Printed and flexible organic and inorganic memristor devices for non-volatile memory applications

Abstract

The electronics market is highly competitive and driven by consumers desire for the latest and most sophisticated devices at the lowest cost. In the last decade there has been increasing interest in printing electronic materials on lightweight and flexible substrates such as plastics and fabrics. This not only lowers fabrication and capital costs but also facilitates many new applications, such as flexible displays and wearable electronics. The printing of computer memory is also desirable since many of these applications require memory to store and process information.
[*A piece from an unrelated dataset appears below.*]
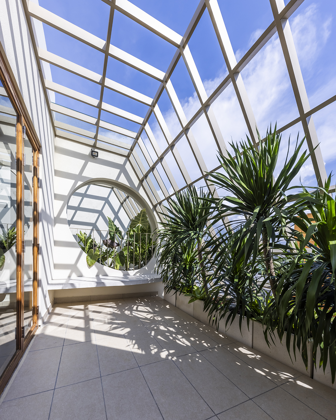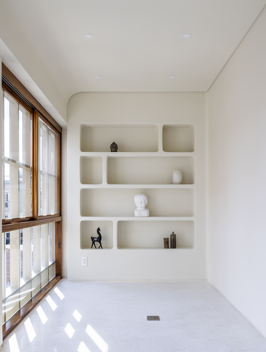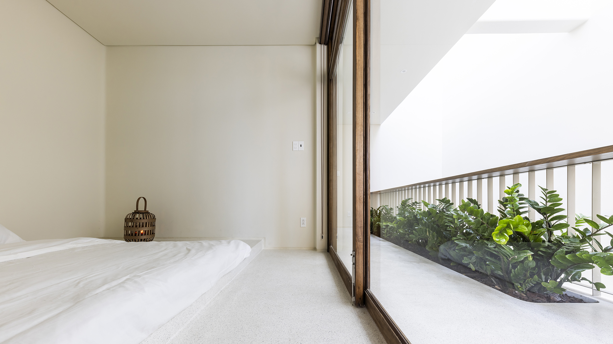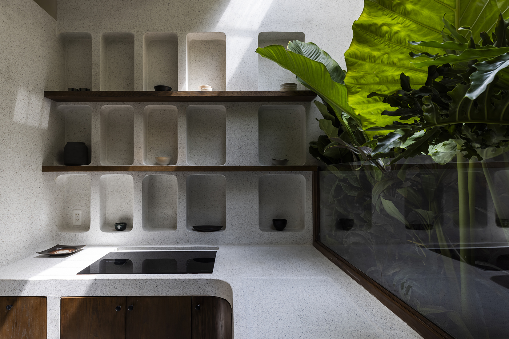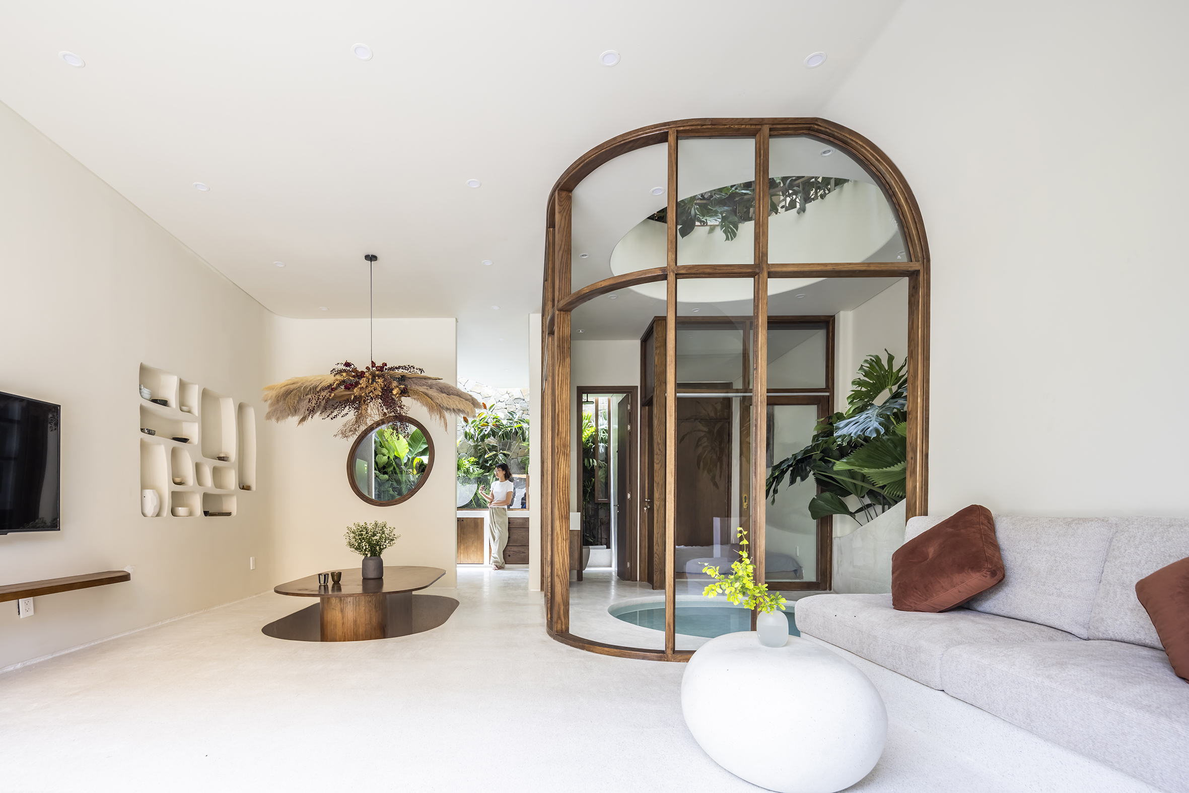 Trong tổ chức mặt bằng, khái niệm “Phần bù” được khai thác triệt để: những khoảng trống không định hình ban đầu trở thành các yếu tố kiến tạo không gian chủ chốt. Chính ánh sáng và mảng xanh đã “định hình” các khoảng trống này, giúp diện tích nhỏ hẹp trở nên thoáng đạt và đa năng. Cấu trúc công trình được phân tách thành hai dải song hành: khối ở đặc trưng và dải không gian mở chạy dọc chiều dài nhà, tạo điều kiện cho việc đón sáng tự nhiên và thông gió xuyên phòng tối ưu.

In addition, there is now an international effort to develop new types of computer memory that consume ultra-low levels of power. This is not only to lower energy usage worldwide, which is important for reducing CO2 emissions, but it also enables a longer period between the re-charging of devices such as mobile phones, music players and fitness bands. Memory that is non-volatile is an obvious choice since it does not consume power to retain information like conventional SRAM and DRAM. Memristors (or memory resistor) are a new type of memory that are intrinsically non-volatile in nature. Their simple two-terminal architecture, easy method of fabrication and low power consumption means they have received much attention from both the research community and industry. Devices with the lowest fabrication costs are made from organic or hybrid (organic–inorganic) composite materials because of the ability to use low-cost solution processing methods with the advantages of large area deposition under vacuum-free and room temperature ambient conditions. Memristors have excellent device properties, including a large resistance Off/On ratio (up to 5 orders of magnitude), fast switching speeds (less than 15 ns), long endurance (over 1012 cycles), long data storage retention time (∼10 years) and high scalability down to nanoscale dimensions. In this article we review progress in the field of printed and flexible memristor devices and discuss their potential across a wide range of applications.